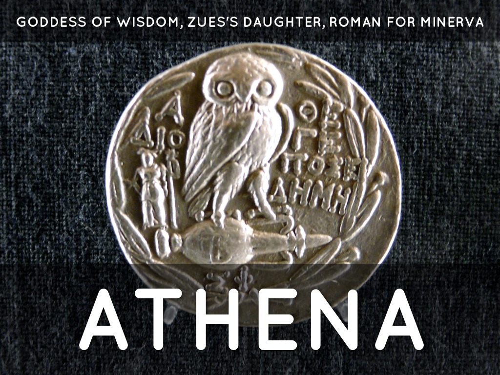 GODDESS OF WISDOM, ZUES'S DAUGHTER, ROMAN FOR MINERVA
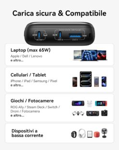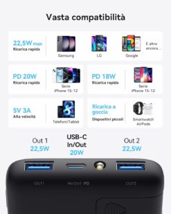 A differenza della maggior parte dei power bank che non riescono a ricaricare dispositivi più piccoli come AirPods, smartwatch, cuffie Bluetooth, fitness tracker, questo INIU 10000 si adatta a tutti i dispositivi. Più pratico: non serve cambiare modalità per i piccoli dispositivi.
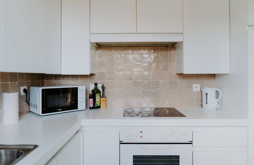 Prepare a home-cooked meal in the kitchen, complete with an oven, a stovetop, and a refrigerator, as well as a coffee maker, an electric kettle, and a microwave. Bathroom amenities include a hair dryer, towels, and toilet paper. Other amenities include a fireplace, bed sheets, an ironing board, and heating.
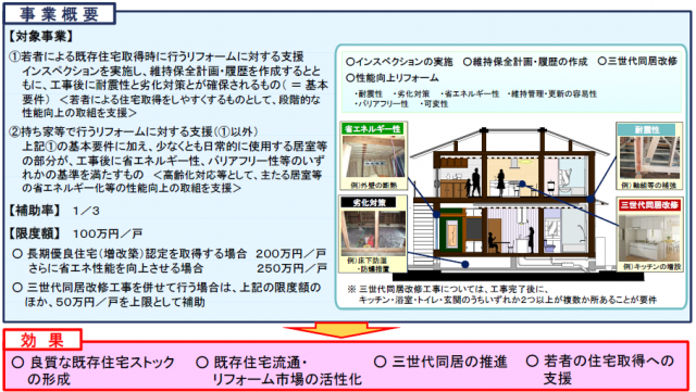 既存住宅の性能向上や三世代同居等の複数世帯の同居などを推進する事業。補助対象住宅は、リフォームを行う既存住宅(戸建て住宅、共同住宅ともに対象)。主な事業要件として、(1)リフォーム工事前にインスペクション(建物の現況調査)を実施すること、(2)リフォーム工事後に一定の住宅性能を有するようリフォーム工事を実施すること、(3)リフォーム工事の履歴と維持保全計画を作成することが求められる。
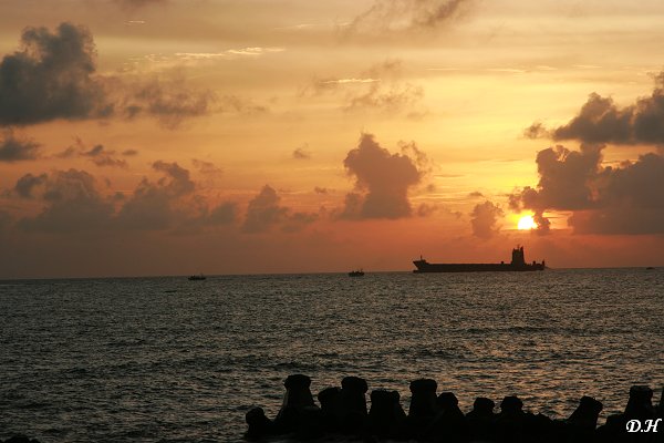 或許是一邊看海一邊等待的關係,我們好像也沒有等很久,就通知我們可以進去了,後來還幫我們換了個靠平台邊可以直接看到風景的好位子。我們到的時間也絕佳,正好是夏日傍晚六點,夕陽將沉未落之際,西方海平面上的雲彩絢爛,沒有了酷熱,只有清涼中帶鹹味的海風。高雄的妙齡女郎有些喜歡濃妝豔抹,也有的穿著清涼,我以拍攝夕陽為由,在平台上到處亂走亂拍;老婆只顧著跟小兒玩耍,狀似不以為意放郎君隨意玩耍去也。
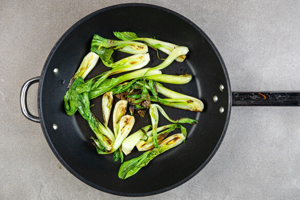 Den Pak Choi der Länge nach vierteln. In einer großen Pfanne mit 1TL Pflanzenöl bei mittlerer Hitze mit der Schnittfläche nach unten 1–2Min. anbraten, wenden und weitere 1–2Min. braten, bis der Pak Choi etwas weicher wird, aber noch bissfest ist. Aus der Pfanne nehmen, die Pfanne mit Küchenkrepp auswischen und weiterverwenden.
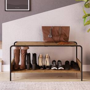 Características - Carvalho/Preto - Estrutura: Pés metálico/Tampo em MDP 15 mm - Acabamento/Revestimento: Pintura Epóxi/ Pintura BP - 1 Banco sapateira com 1 prateleira - Peso Suportado: Tampo 100 kg/ 7 kg na prateleira - Produto entregue desmontado - Marca: Artesano
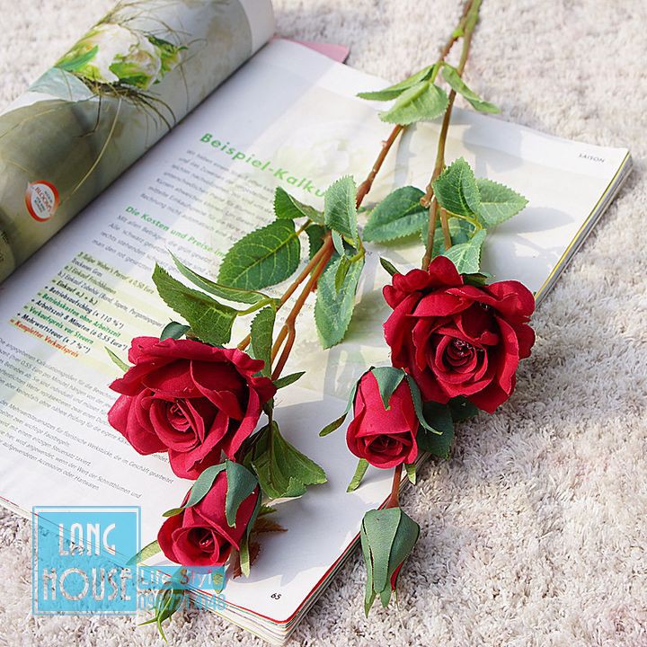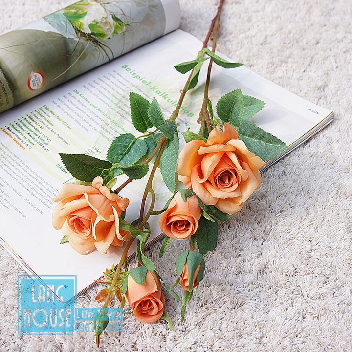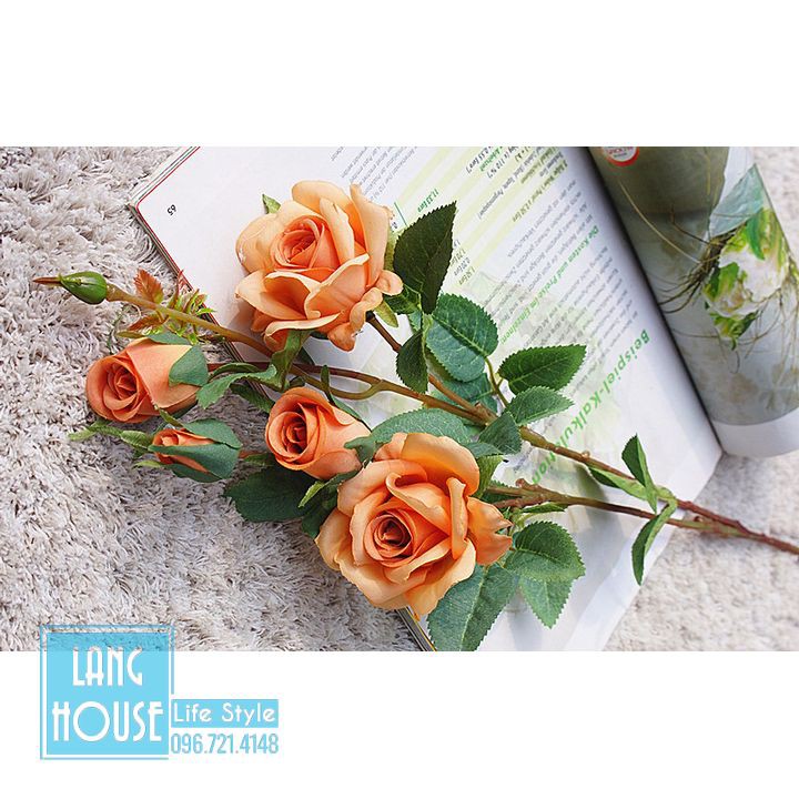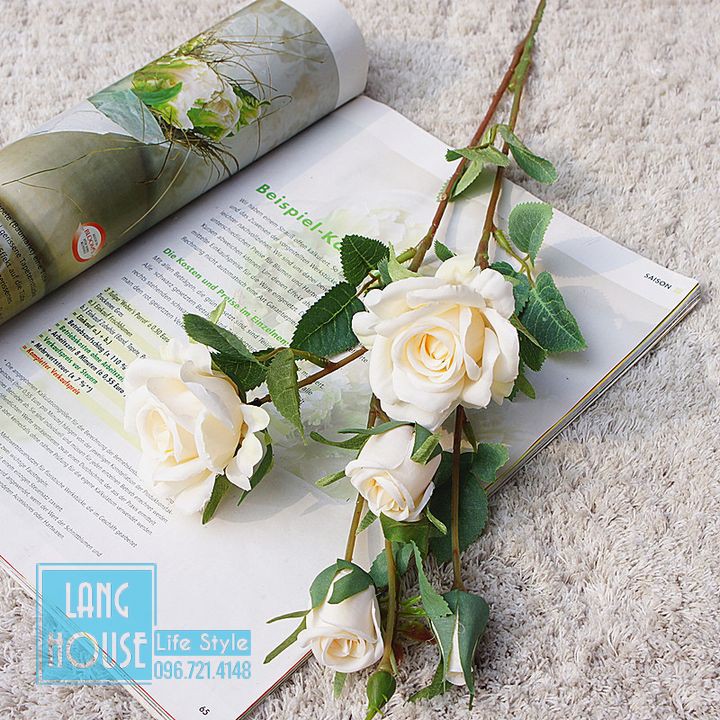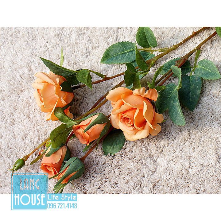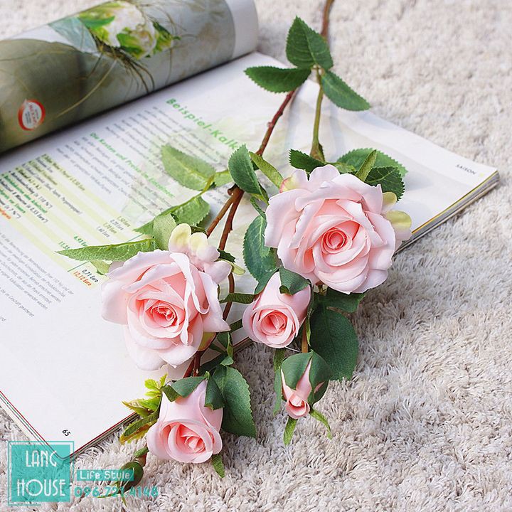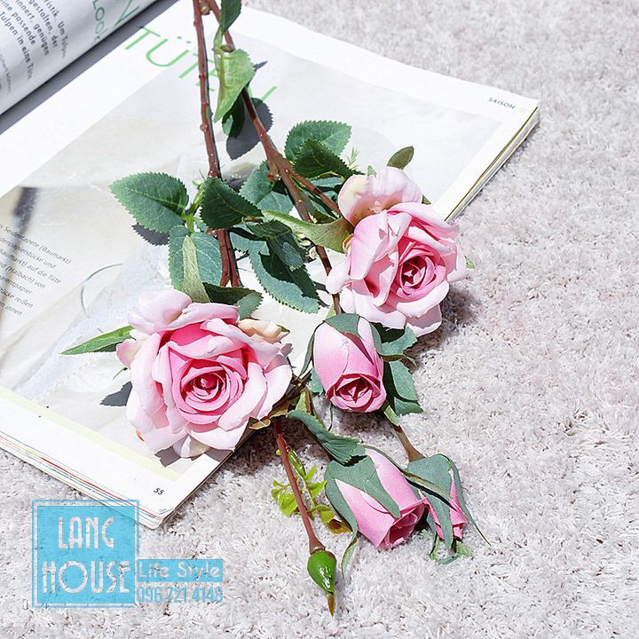 Giới thiệu Hoa Giả Hoa Lụa - HOA HỒNG PHÁP Loại 1 Giống Thật - 1 Cành 4 Bông
- - - - - - -
• [ACTIVITY]:
The lines running from the beginning of the listing above through the line that holds "A differenza della" are to be duplicated exactly, both ends kept, pictures omitted.

• [ANSWER BOX]:
 GODDESS OF WISDOM, ZUES'S DAUGHTER, ROMAN FOR MINERVA
 A differenza della maggior parte dei power bank che non riescono a ricaricare dispositivi più piccoli come AirPods, smartwatch, cuffie Bluetooth, fitness tracker, questo INIU 10000 si adatta a tutti i dispositivi. Più pratico: non serve cambiare modalità per i piccoli dispositivi.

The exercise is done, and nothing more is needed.